The Radio Times never lies!
A couple of articles from the Radio Times today. Tomorrow we’ll be looking at the first episode of the fifth series – ‘The Whistling Spy Enigma’ – first broadcast on 28 September 1954.
That week’s Radio Times carried a short piece in its gossip column, ‘Both Sides of the Microphone’, featuring some comments from Jimmy Grafton about the origins of the show.
Read it on the BBC’s Genome Project here.
The listing page for ‘The Whistling Spy Enigma’ is available here. The fifth series was the only one for which almost every episode had a synopsis published in the Radio Times.
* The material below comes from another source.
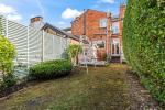 The rear garden offers a blend of lawn and paved sections, with a defined seating area towards the rear framed by mature greenery and climbing plants. A playhouse, established shrubs, and hedging provide both privacy and charm, making it an ideal space for family life or entertaining.
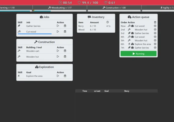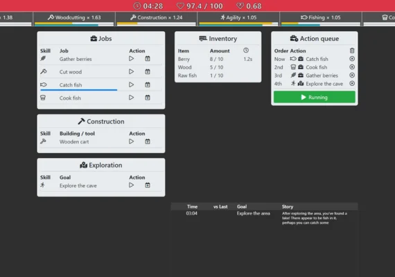 Increlution stands apart from typical idle games by introducing a unique cycle of life and death. As your character's health inevitably declines faster over time, you'll need to utilize every tool at your disposal – from basic food gathering to complex constructions. While death is certain, each generation benefits from the accumulated instinct levels of previous lives, creating a compelling meta progression system that keeps you coming back for more.

The first few episodes of the sixth series had them, too, but the editors appear to have abandoned this idea – possibly because Milligan’s synopses were getting further and further removed from what was actually broadcast, or possibly because of several instances where the episode broadcast was not what the RT said it would be. But more of that later.
Eagle-eyed readers should probably see an optician, but before they do so they might notice in the cast list one Wallace Greenslade as Two-Ton Terence O’Toole. Although this was obviously a slightly mean joke at Wal’s expense, according to an article in the Daily Mirror from 28 September 1954, the joke caused an argument between the BBC and Equity, the actors’ union. The corporation had previously agreed not to list announcers as performers. Whoops.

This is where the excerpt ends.